Dont wanna snag. Dont Go. Dont wanna leave lead dont go. Thats how you avoid leaving lead.
Theres been trips, where i lose 1 or 2 and then there was last year i lost 20 and they year before about 15. Its difcult not to lose weights or snag fish.
There is a lot of rangers up there that help keep people honest.
I say take your boat up. At least you wont be snagging the guy next to you or vice versa.
Since i ve been taking my boat up there, Have less problems, and no one is breathing down my neck, or casting over and snagging my line.
I use 8 or 12 ln cajun line red. I have had very good success catching fish.
I have tried power pro, But i didnt like it to well, and worse when i got snagged.
I use a Amp rod, and have a IM& quantum rod. I perfer my Berkley AMP, over my quantum or my abu. Just my 2 cents. Good luck at the .walleye run


----------



## Mr. Moony

swantucky i read alot of your post and you give very good reports that i like to read so keep the good info coming.now you are starting to lower yourself to redhunters standards.what i gather from this is you and redhunter has to be fishing buddies.which is fine but will never change the facts.i never called nobody on here a snagger so relax a little you might learn somthing.most people that run floating jigs heads can not comprehend what i am saying but on the other hand you have to know what i am saying so give me a break i am only speaking facts.if you were not bias to the situation,we all might of herd different from you.my dad told me once,dont never be to proud to take imfomation from someone!!! you might learn something,unless you already know it all.you da best fisherman i know!!!


----------



## See Oh

Mr. Moony said:


> swantucky i read alot of your post and you give very good reports that i like to read so keep the good info coming.now you are starting to lower yourself to redhunters standards.


lol verbal KO! :beat-up:


----------



## Mr. Moony

if you can,t dazzle them with brilliance then baffle them with bull s.


----------



## All Eyes

I think that both sides of the argument are right. I have seen many a floating jighead pulled out of the inside of the mouth to where it was an obvious bite. If they hit a lead jig then of course they will hit a floater and vice versa. 
But to say that many others aren't lined is just silly. Same with consistently catching fish on the retrieve. Aint gonna happen time after time by biting fish on a fast retrieve. 
I myself just never got a feel for river floaters like I do with lead so it's what I prefer. But I say however you get your 4 within legal means that doesn't effect others negatively then have at it and pass the tartar sauce.


----------



## Mr. Moony

just get rid of the leader and floating jig head then tell me how you do then.do you guys really think a 1 foot leader wont line fish,that all depends on the fish hugging bottom or riding high,when they are rolling and riding high then you want a long leader to line fish.and you will sometimes truly catch fish in the mouth 10 percent of the time and the other 90 percent you simply line the fish in the mouth.swantucky you seem to fish alot like me,you need to really test what i say.this spring go catch 100 walleye,payattention to what side of the river you fish and what side of the mouth they are hooked in and then you will know what you are really doing.or go vert. or go with lead heads like we use to and see how many you get.then get back with me with your results be honest now.maybe redhunter can join you in your quest to prove me wrong.better yet,tell me were and when and i would be more then glad to join,only if redhunter is nice.


----------



## Mr. Moony

i am not aginst any body that fishes the maumee.i still hit the river sometimes,but i like cleaner water for one and the feeling of a good thunk on my lure.something you don,t get when lining fish.


----------



## mandruch

Mr. Moony said:


> i am not aginst any body that fishes the maumee.i still hit the river sometimes,but i like cleaner water for one and the feeling of a good thunk on my lure.something you don,t get when lining fish.
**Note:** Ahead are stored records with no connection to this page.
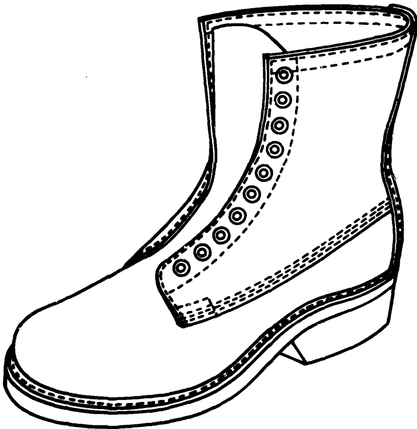
FIGURE 1. STANDARD SAFETY BOOT
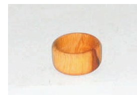
Duard Oxford Buckthorn Ring
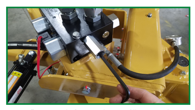
Remove relief cap and insert Allen wrench

FOR MORE INFORMATION, CALL OUR WARRANTY/SERVICE TEAM AT (605) 977-3300 OR TOLL FREE AT (888) 960-0364 OR EMAIL WARRANTY@DIAMONDMOWERS.COM
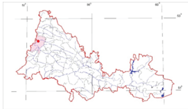
Figure 2: Iris aphylla distribution in Orenburg Oblast.

been reliably confirmed only in the protected area of the national park inside the forest (Fig. 2), in the area nearby subsoil use sites (ORIS). The major environmental resistance includes habitat destruction due to economic activity (including oil production, logging, etc.).
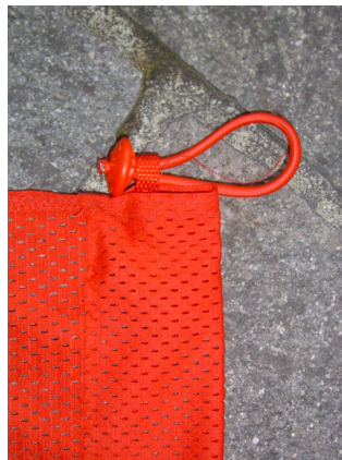
Fig. 2: Bungee strap

Judgement: The panel meets the specifications required by the FIS. The certification is valid till 30.4.2010.
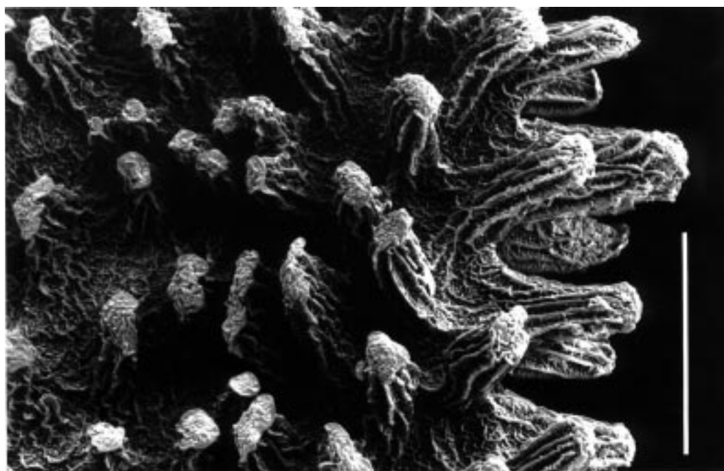
Figure 3. Ultrastructure of the wing surface and margin reveals unique features never found in any other mayfly species. The presence of these upright scales certainly plays a hydrofugous role and enables the wing to remain waterproof. Scale bar, 10 \mu m.

It's the same stuff every year. Guys that have no clue claim lining and snagging. Come and stand next to some of us and we'll gladly show you how to be successful.


----------



## Mr. Moony

this is not an argument,this is walleye 101 with professor moony


----------



## Mr. Moony

then do what i say and just run lead head jigs.then see how many fish youtake home legally.look this ain,t my first rodeo there cowboy.i don,t need a fishing contest to prove what i know maybe it,s the other way around,be open minded you might learn something.


----------



## Mr. Moony

this is some good stuff,i am going to have to get me some popcorn.don,t nobody ruin this good stuff be nice.


----------



## Redhunter1012

Mr. Moony said:


> then do what i say and just run lead head jigs.then see how many fish youtake home legally.look this ain,t my first rodeo there cowboy.i don,t need a fishing contest to prove what i know maybe it,s the other way around,be open minded you might learn something.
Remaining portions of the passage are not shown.